Sequencing technologies allowed us to obtain the sequences of millions of proteins (approximately 200 million are contained in the UniProt database). However, experimentally solving their corresponding 3D structures would be an unimaginably expensive process, both in time and money. After developing some of the first algorithms aiming to solve the structure prediction problem, in 2003, David Baker produced the first de novo designed protein, which showed to be foldable after being expressed in the wet lab ( Basanta et al., 2016). However, after some initial success, predicting the structures of complex proteins remained elusive. It was in 2021, two years after its first version, that the group led by John Jumper and Demis Hassabis published AlphaFold2. “This software was able to predict in minutes the structures of proteins that experimental labs have failed to solve for almost a decade. This was the beginning of an unprecedented revolution in molecular biology where the sequence/structure gap was closed and suddenly we started having access to good-quality predictions of structures of a majority of known proteins in the planet.” says Dr Gonzalo Parra.
The ability to predict the structure of proteins from their amino acid sequence has profound implications for biomedicine, biochemistry, and biotechnology. As AlphaFold continues to evolve, researchers across the globe are now applying its principles to tackle more complex and irregular protein structures, such as non-globular proteins and protein complexes. From drug design to building synthetic materials, the consequences of these developments are yet to be assessed. One thing is clear: the spotlight right now is on Computational Biology, and it will be so for a long time.
The impact of AI on structural biology: a researcher’s perspective.

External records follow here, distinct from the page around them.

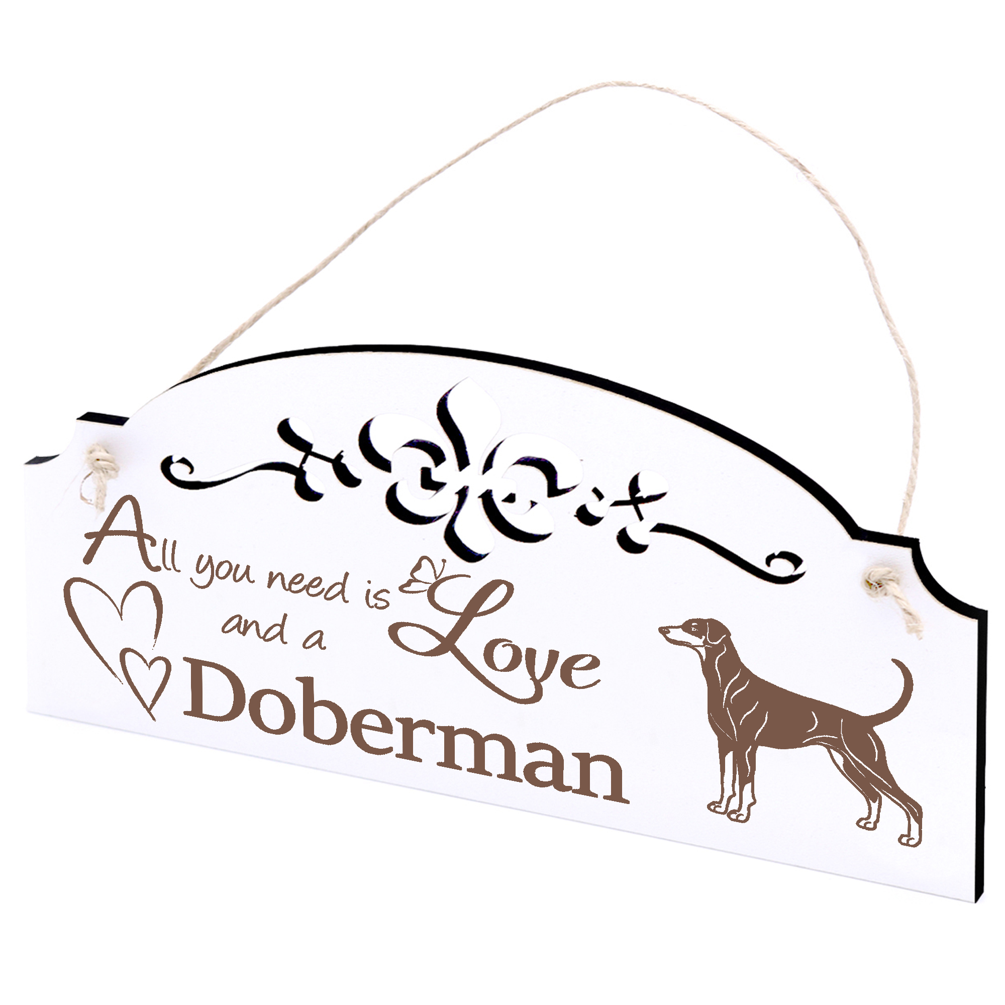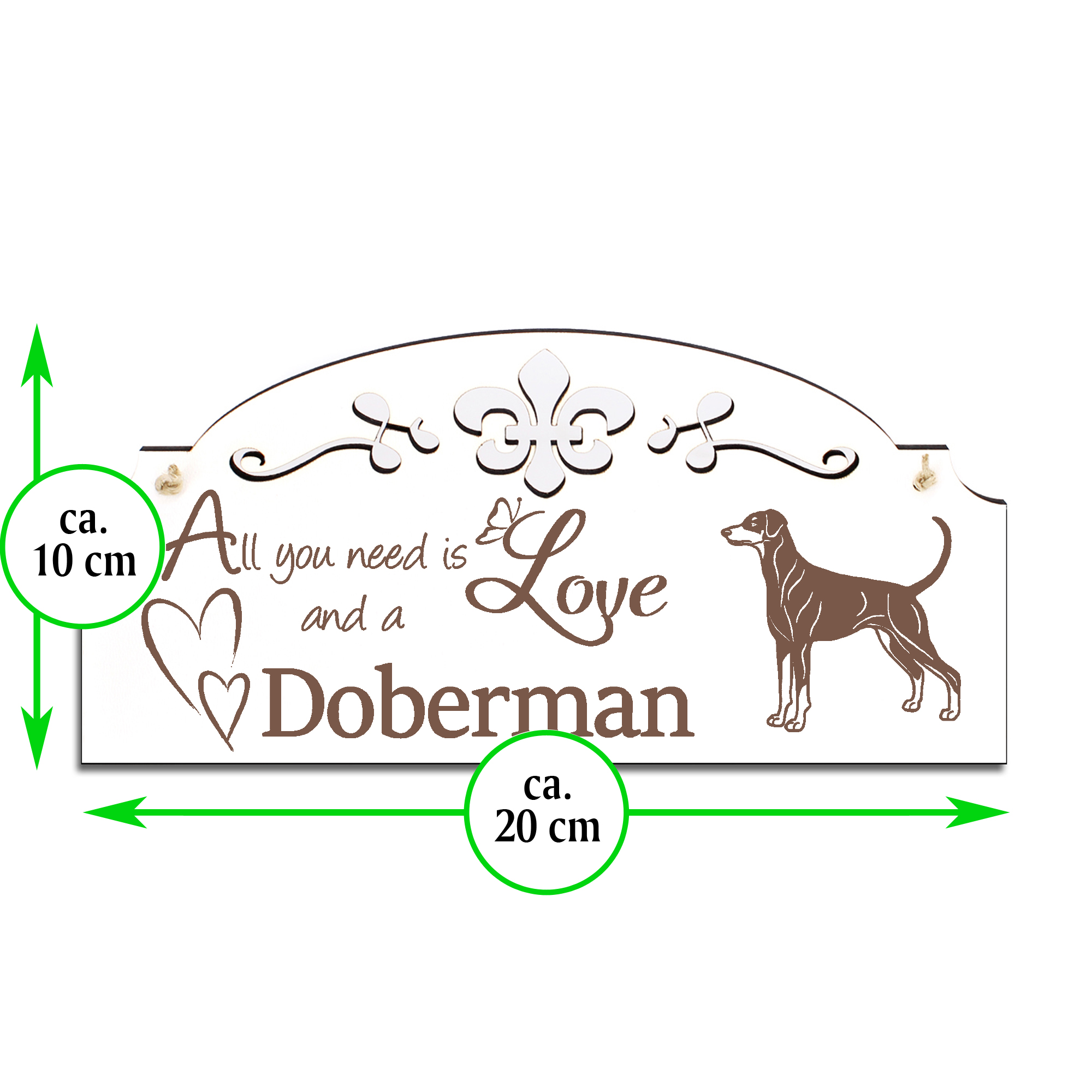 Schild Dobermann Deko 20x10cm - All you need is Love and a Doberman - Holz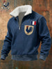 Férfi vintage francia zászló ricard alkalmi zip-up fur collar pulóver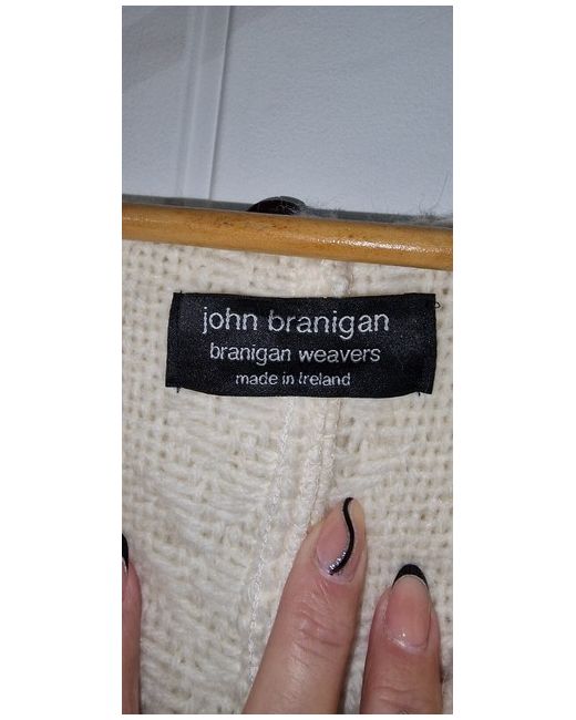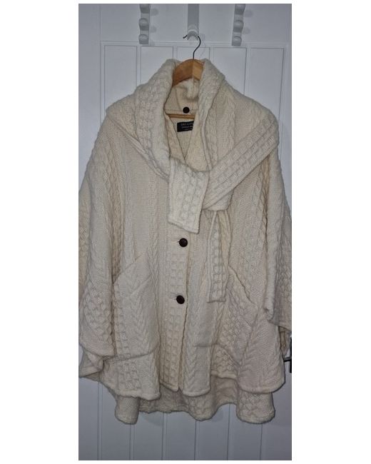 This is a women's wool cape from Branagan Weavers, designed in a cream colour. It is a one-size cape made from knit fabric, perfect for adding a stylish layer to your outfit. This cape is a versatile and timeless piece that can be worn with various outfits to elevate your look with a touch of elegance and warmth.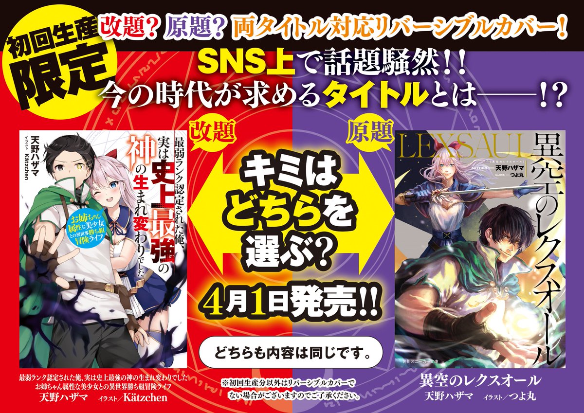 | … | 23無念Nameとしあき26/03/02(月)13:34:15No.1391085892+長文タイトルは悪いと言わないが長文タイトルで表紙デザインさせられるのは辛いな |

Dr. Leandro Radusky, a structural biologist, recalls the first time he encountered AlphaFold:
“The first time I seriously paid attention to AlphaFold was when the results of the 14th edition of the CASP protein structure prediction competition were announced in 2020. Like most people working in this field, my initial reaction was disbelief. The ability to predict structures from a protein’s sequence had made a massive leap, using a completely different approach from what had been employed for decades.” After AlphaFold’s release, the impact was immediate: “Shortly after the release of the tool’s code, the structure predictions of all human proteins and many other organisms of interest became publicly available. Overnight, the number of proteins with reasonably accurate structures available went from a few hundred thousand to millions.” Despite this, Radusky raises an important question about the balance between AI-driven methods and traditional scientific approaches:
“Beyond the technological leap, AlphaFold has highlighted a critical choice young researchers are facing today: how much should they rely on traditional interpretive science versus AI-driven approaches? With AI, we are often trading understanding for the ability to solve highly complex problems. As we move forward, the question seems not to be whether to use AI, but how to integrate it thoughtfully into the pursuit of understanding.”
The future of AI in protein science
Without any doubt, AI-based tools like AlphaFold represent a breakthrough in structural biology, with extensive applications in protein structure prediction which deserved the Nobel Prize recognition. Yet, this does not signal the end of discoveries in this field, as many challenges in structural biology remain unresolved.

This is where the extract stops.